That’s also when, prosecutors say, the Ebay team escalated to in-person surveillance; several of them allegedly flew out to Boston, checked in at the Ritz Carlton, and drove out that night to Natick intent on installing a GPS monitor on the couple’s Rav4. They had practiced, Lelling said Monday, on a similar model in the Ebay parking lot before departure. The car was locked in the garage; the following day, Ebay’s director of global resiliency at the time, David Harville, allegedly bought a screwdriver, painter’s tool, pry bar, and rubber gloves. “I believe based on my training and experience that these were the tools that Harville intended to use to break into the Victims’ garage,” FBI special agent Mark Wilson wrote in the criminal complaint.
On August 16, members of the Ebay team allegedly tailed the couple in a rented Dodge Caravan. The surveillance team was listening to the local police dispatch; when the couple reported they were being followed, the crew peeled off. That night, court documents say, three of the defendants ran up a $750 bill at a Boston restaurant, batting around more potential deliveries like chainsaws, human feces, and a dead rat. In the middle of the night, they sent an emergency plumber to the home.

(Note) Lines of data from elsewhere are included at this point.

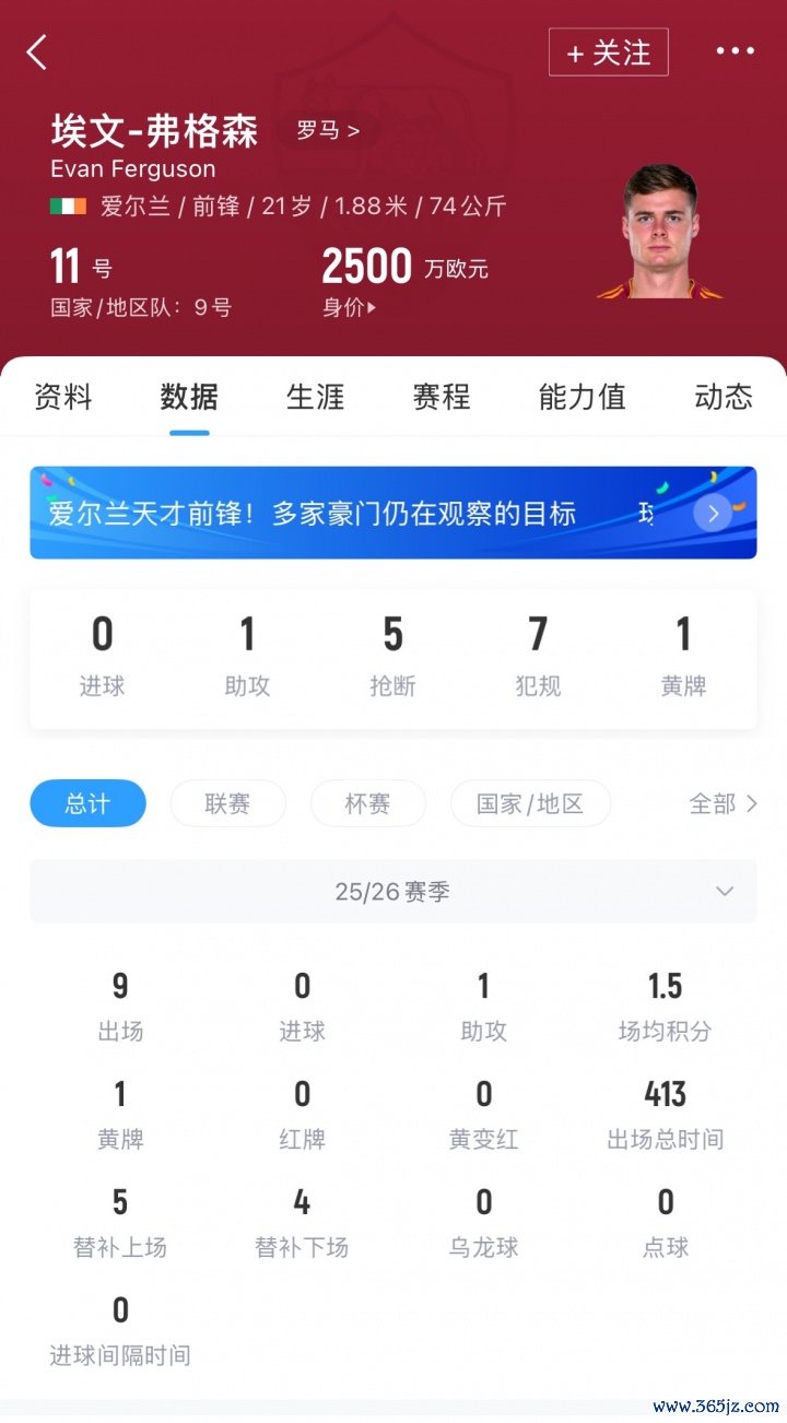 而在之后弗格森情状下滑,且遇到重伤,在西汉姆联也没能找回情状,今夏租出加盟罗马后,现在出场9次4次首发,以为出场413分钟仅收货1次助攻,没能打入进球。
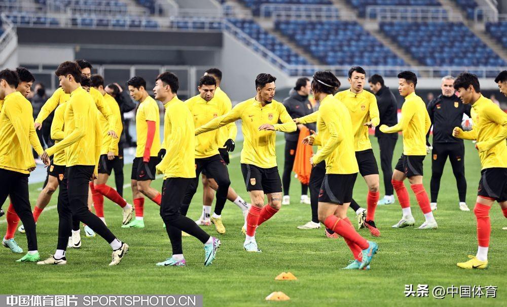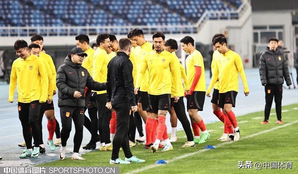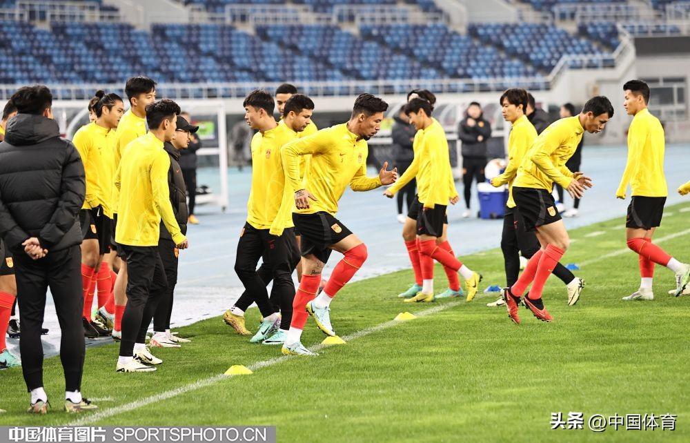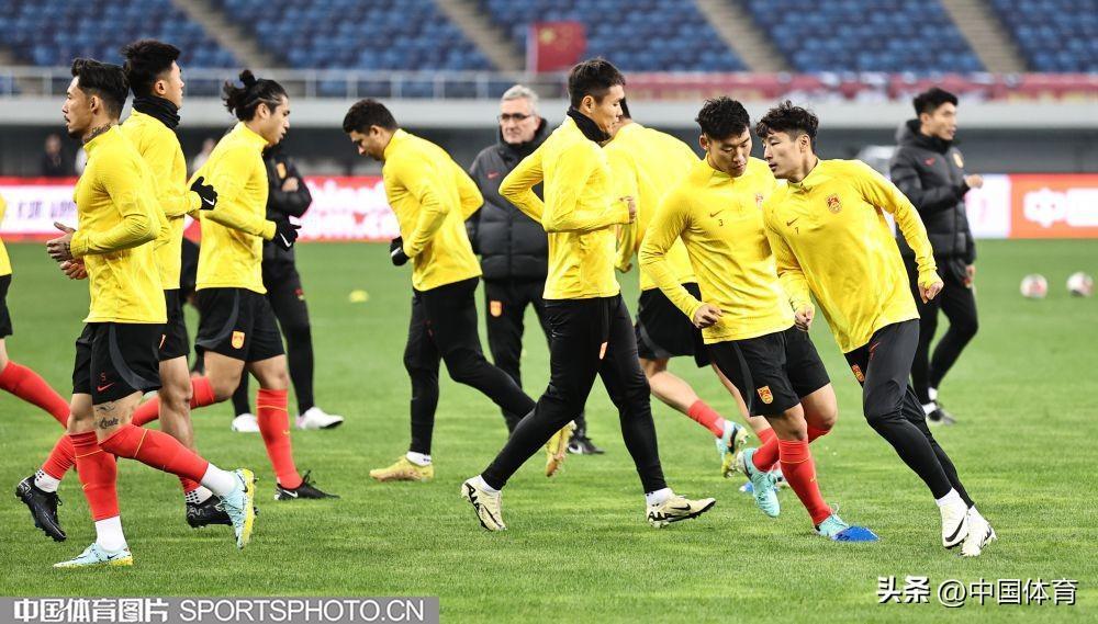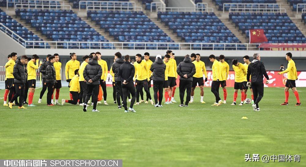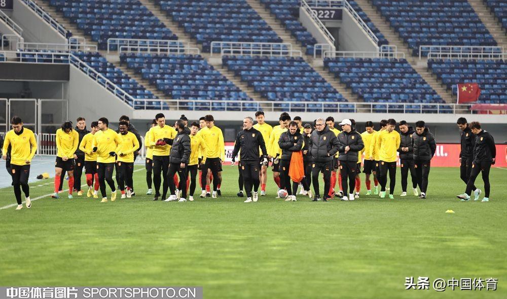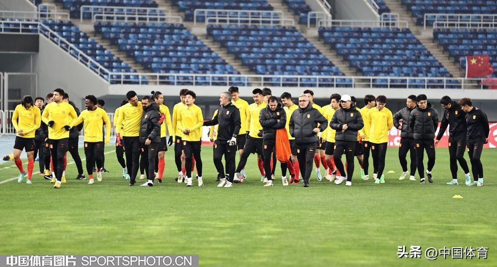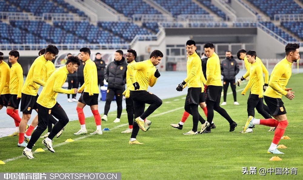 中國男足進行賽前訓練!足球世界盃預選賽26日在天津打響
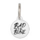 "ブラシのストローク・フォントの骨への悪い状態"を言う前部の文字とのおもしろいのタイポグラフィのデザイン。 背部のあなたの犬の名前そしてあなたの連絡先情報を加えることによってこのプロダクトをカスタマイズことができます。 白黒シンプル。
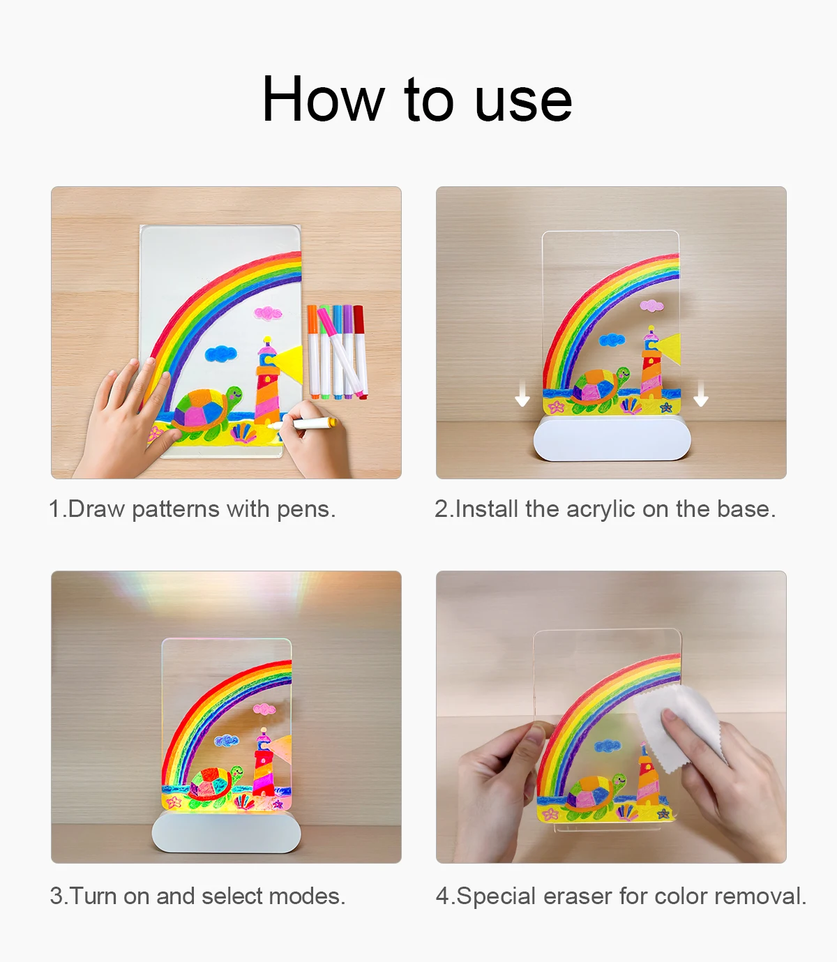 Met de LED DrawingLight maak je van elke muur een levendig kunstwerk. De lamp verlicht de ruimte en stimuleert de creativiteit van kinderen, waardoor ze eindeloos kunnen tekenen, schrijven en spelen.
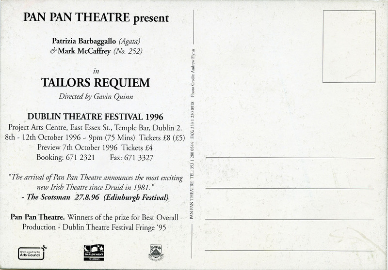 Black-and-white printed postcard for Tailors Requiem by Pan Pan Theatre Company
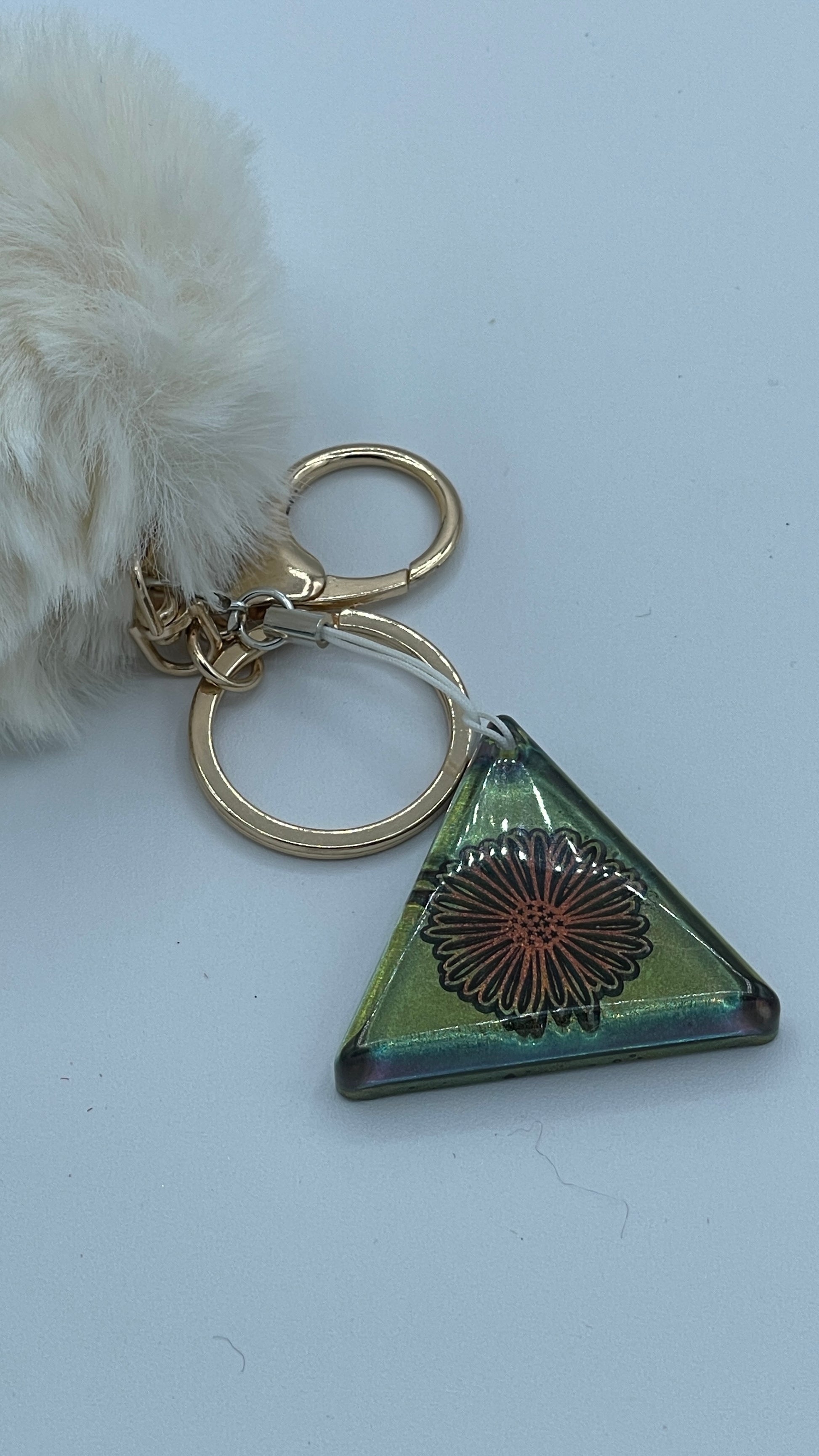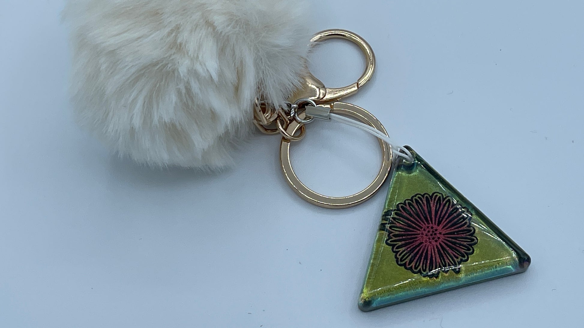 The antique gold coloured keyring is accompanied with a fluffy white ball.

The surveillance continued, prosecutors say, as did the harassment. A little after midnight on August 18, a classified ad appeared on Craigslist promoting a week-long “BLOCK PARTY” for “singles/couples/swingers,” and listed the victims’ Natick address. Visitors were encouraged to arrive after 10pm, and to “knock on the door/ring the doorbell anytime of day or night.” That afternoon, the complaint says, the Tui_Elei account posted their names and address as well. A few minutes later, a direct message: “U get my gifts cunt!!??”
Two minutes later, another Craiglist posting advertising an “Everything must go!” estate sale at the same address. Just over an hour later, a third Craigslist ad: “Mature (50s) married couple seeking singles or other couples open to exploring threesomes, bdsm, cross dressing.”
The couple successfully got Twitter to suspend the Tui_Elei account for doxxing, but more popped up in its place—which prosecutors also have tied back to the Ebay team.
“This was a determined, systematic effort by senior employees of a major company to destroy the lives of a couple in Natick, all because they published content the company executives didn’t like,” Lelling said at Monday’s press conference. “For a while they succeeded, psychologically devastating these victims for weeks as they desperately tried to figure out what was going on and stop it.”
On August 21, 11 days after the alleged harassment campaign began, two threads converged with relative speed, according to court documents. A member of the Ebay group made contact with the couple as part of the next phase of the “White Knight” strategy—and Natick police traced a rental car license plate number to an Ebay contractor allegedly involved in the scheme.
As the Natick PD began making inquiries, the Ebay employees and contractors scrambled over text messages to get their stories straight. When they realized that the gift cards they had purchased to fund their campaign could be traced back to Santa Clara, California, not far from Ebay’s San Jose headquarters, they allegedly sought to “create a Samoan POI in Santa Clara,” according to a WhatsApp message quoted in the criminal complaint. (POI stands for “person of interest.”) “Then he becomes our primary suspect.”
It didn’t get that far. By August 22, the Natick police called in the Federal Bureau of Investigation. The Ebay team allegedly continued to dissemble, both to law enforcement and to Ebay’s own lawyers, who by August 26 had begun to conduct their own interviews about the matter. “As the police and Ebay’s lawyers continued to investigate, the defendants allegedly deleted digital evidence that showed their involvement, further obstructing what had by then become a federal investigation,” the Massachusetts US Attorney’s office said in a press release Monday.